Arturo Molina Gutiérrez is a Mexican scientist, researcher and academic.

Biography 
Arturo Molina was born in Oaxaca, Oaxaca in 1964, he is the son of Dr. Arturo Molina Sosa. He is a Computer Systems Engineer and a Master of Computer Science from the Tec de Monterrey, Monterrey Campus. He holds a PhD in Mechanics from the Budapest University of Technology and Economics and a PhD in Manufacturing Systems from Loughborough University in England. He is currently Director of the Institute of Advanced Materials for Sustainable Manufacturing at the Tecnológico de Monterrey.

Academy 
Arturo Molina is a professor of the Doctorate in Engineering Sciences at the Monterrey Institute of Technology and Higher Education.

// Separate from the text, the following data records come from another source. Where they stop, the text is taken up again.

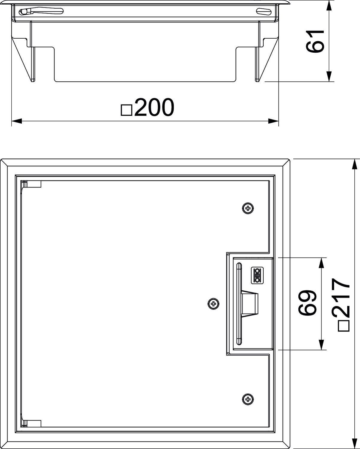 Электромонтажный лючок GES2, с ручкой, 1-секционный, для установки монтажной коробки MT4. Могут быть установлены 2 накладки APMT2.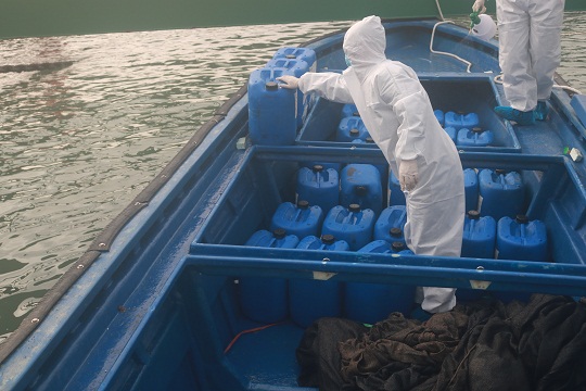 3月13日晚,廣東湛江海警局根據(jù)線報(bào)指引,在雷州市大唐電廠附近海域查獲一艘“大飛”快艇,艇上載有大量空汽油桶,隨艇未找到任何船舶證書及貨物單據(jù)。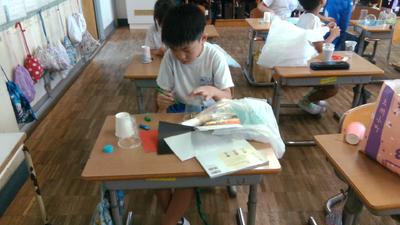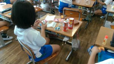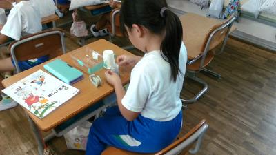 2年生の生活科で、身近にある材料を使って、動くおもちゃを作っています。今日はおもちゃの動きを工夫したり、確かめたりしながら、完成に向けて集中して楽しいおもちゃを作っていました。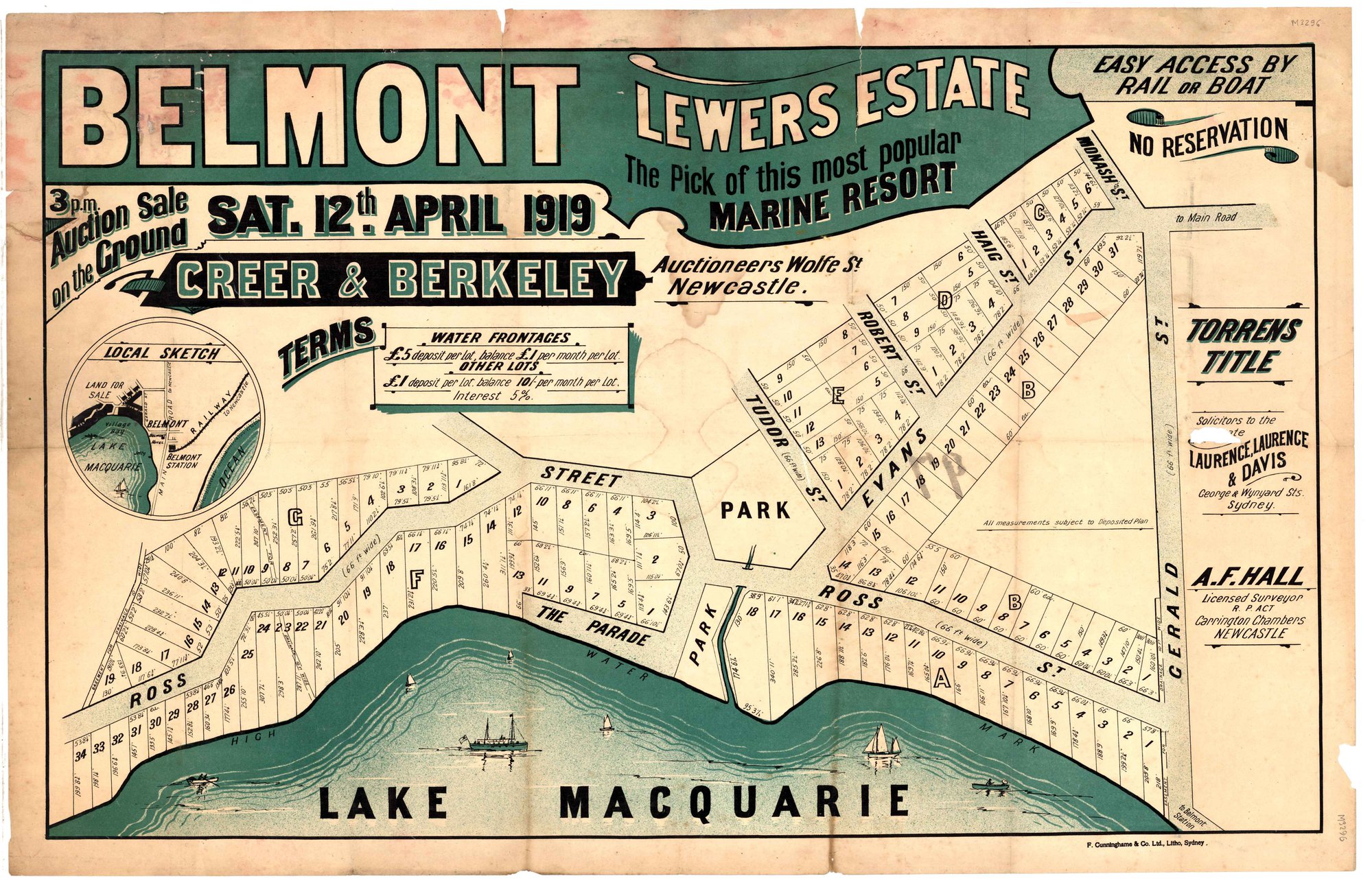 Hall, Alfred Francis, 1859-1937, Belmont, Lewers Estate Subdivision Plan, Saturday 12th April, 1919. (12th April 1919), [M3296]. Living Histories, accessed 19/03/2026, https://livinghistories.newcastle.edu.au/nodes/view/78870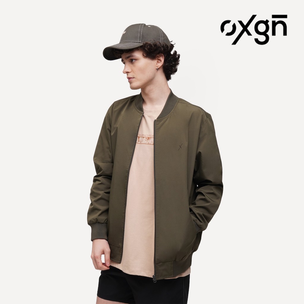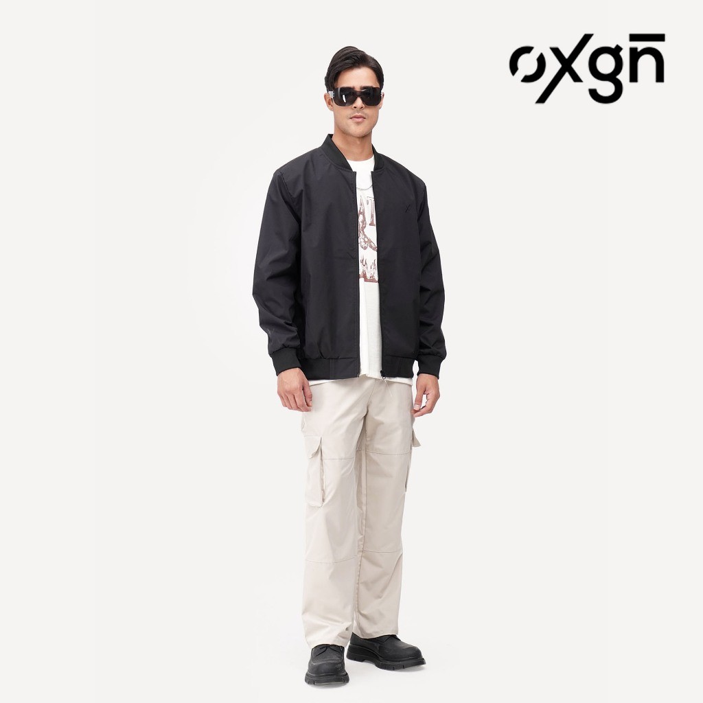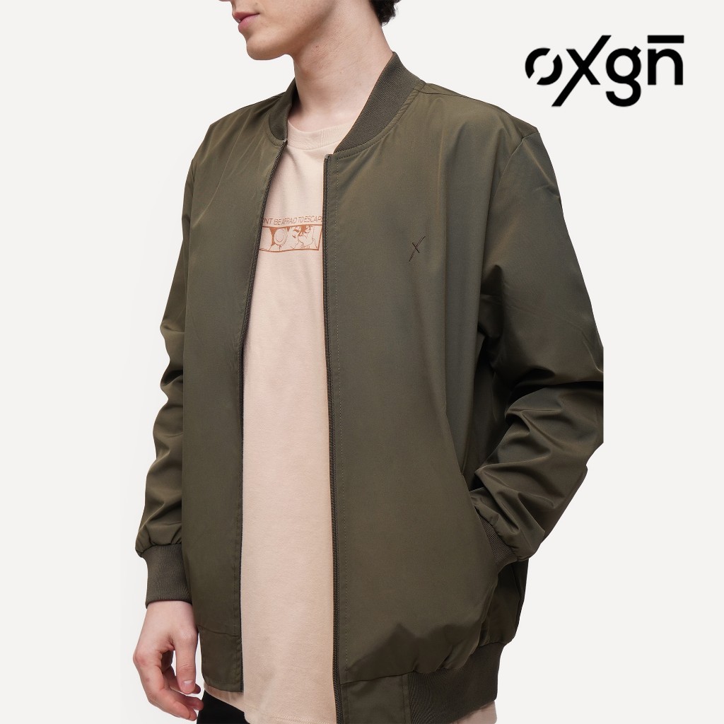 OXGN Nylon Bomber Jacket For Men (Black/Thyme)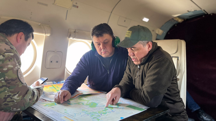 В регионе побывал вице-премьер, заместитель руководителя Республиканского штаба по координации противопаводковых мероприятий и ликвидации последствий паводкового периода Канат Бозумбаев. Он совершил облет Уральска и русла реки Жайык до границы с Россией- сообщает пресс-служба правительства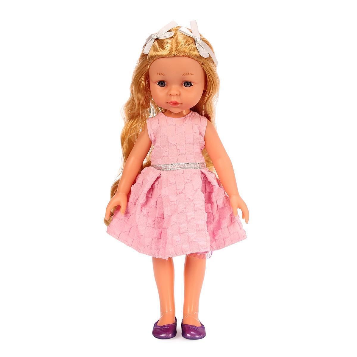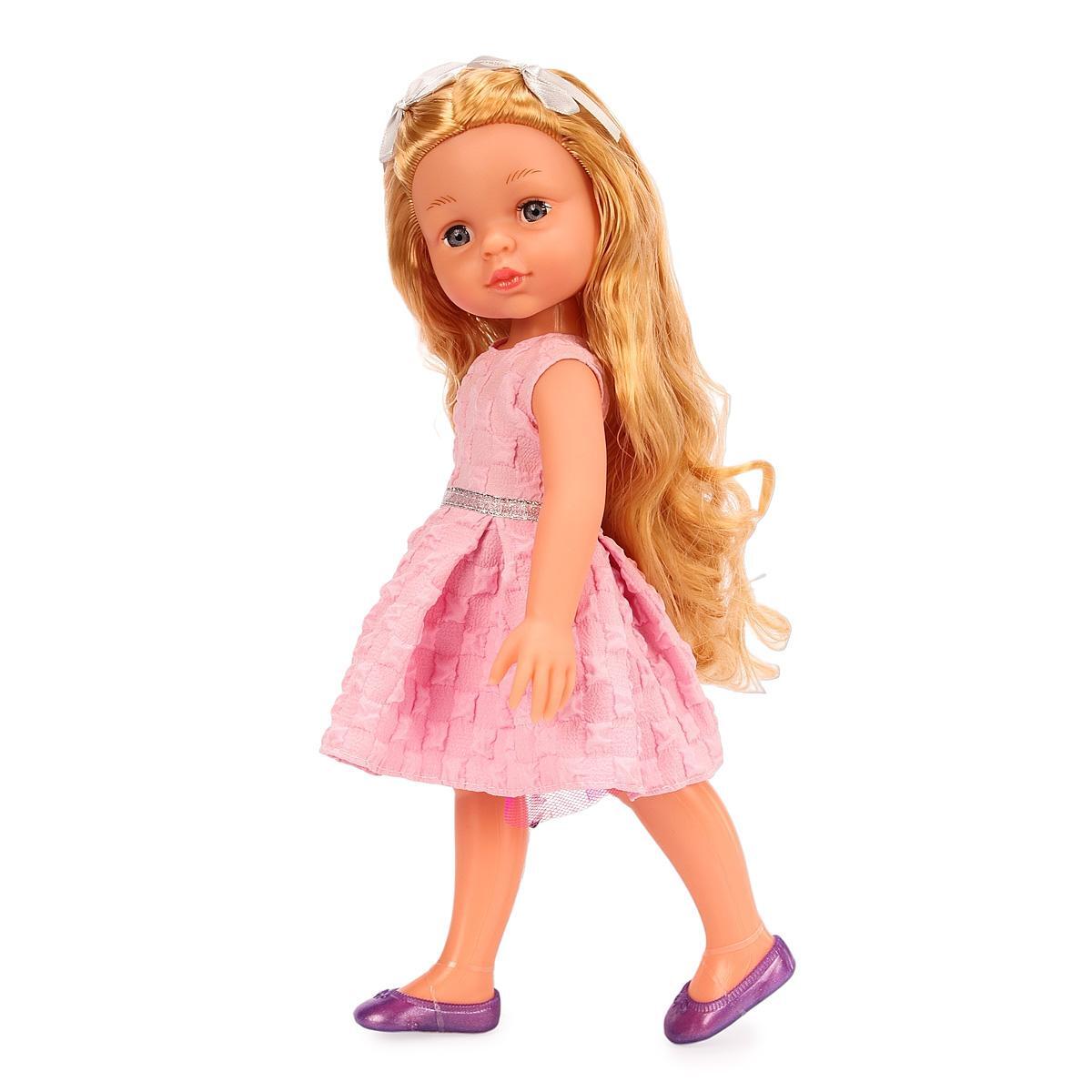Размер упаковки составляет 18х8х35,5 см, что делает ее удобной для хранения и транспортировки. Кукла одета в розовое платье с текстурированной поверхностью и серебристым поясом, а также фиолетовые туфли, что добавляет ей шарма. Длинные светлые волосы куклы можно расчесывать и укладывать, что также способствует развитию мелкой моторики у детей.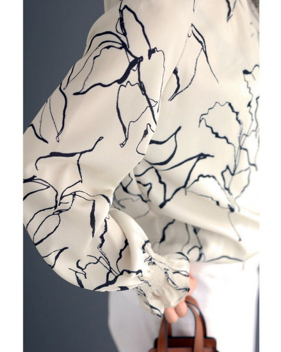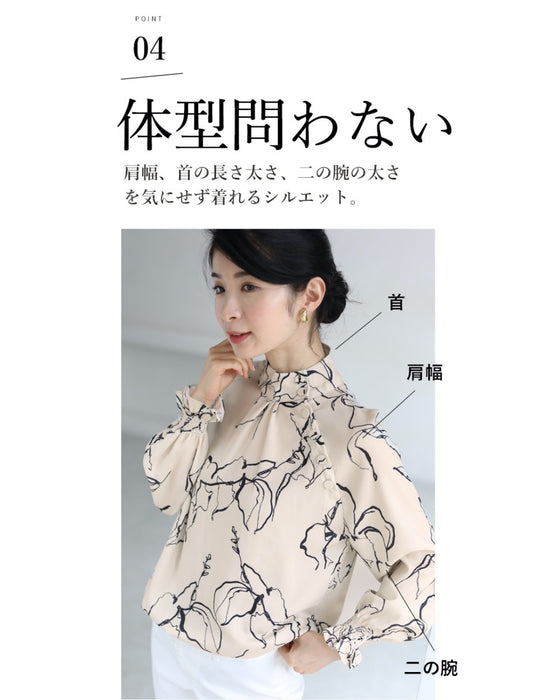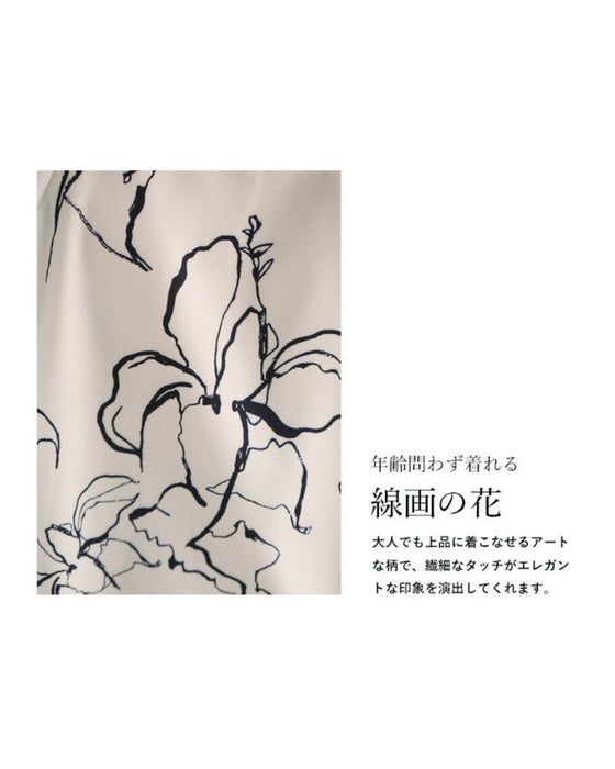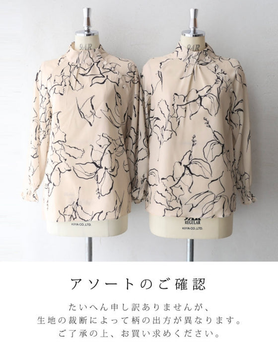 ■柔らかな線で描かれるエレガントな花模様 柔らかな線で描かれた花模様が上品なブラウスです。

He was visiting professor and researcher in mechanical engineering at the University of California, Berkeley, sponsored by the UC MEXUS CONACYT from 2003 to 2004. Since 2013 he has maintained a course within the Coursera platform where he teaches the subject of Rapid development of innovative products for emerging markets; From there and over the years, it has contributed to the training of more than 55,000 students from more than 118 different countries.

Scientific research 
His research areas include concurrent engineering, information models for design and manufacturing, technology modeling and integration in manufacturing, and technologies for collaborative engineering.

Contributions 
He participated in the “Marco 6” (Framework 6) project in Europe with the creation of ECOLEAD - European Collaborative networked Organizations LEADership. He is currently working on the “Marco 7” (Framework 7) project in Europe related to sustainable mass customization. He is also involved in the CREATIVA PYME project in Peru to support small and medium-sized enterprises financed by the IBM Shared University Research (SUR) program and the ICT-BUS of the Inter-American Development Bank (BID).

Consultancy 
Molina has worked as a consultant to the World Bank and the Inter-American Development Bank. He is a member of the United Nations Information and Communication Technologies Task Force, and part of the International Federation of Automatic Control. Molina has also been part of the editorial committees of the Annals of Review of Control magazine, virtual organizations and the International Journal of Computer Integrated Manufacturing. In 2012, he was a speaker in the Mexican Senate where he raised issues regarding the Energy Reform (Mexico). Since 2014 is part of the Nuevo León Energy Use Council.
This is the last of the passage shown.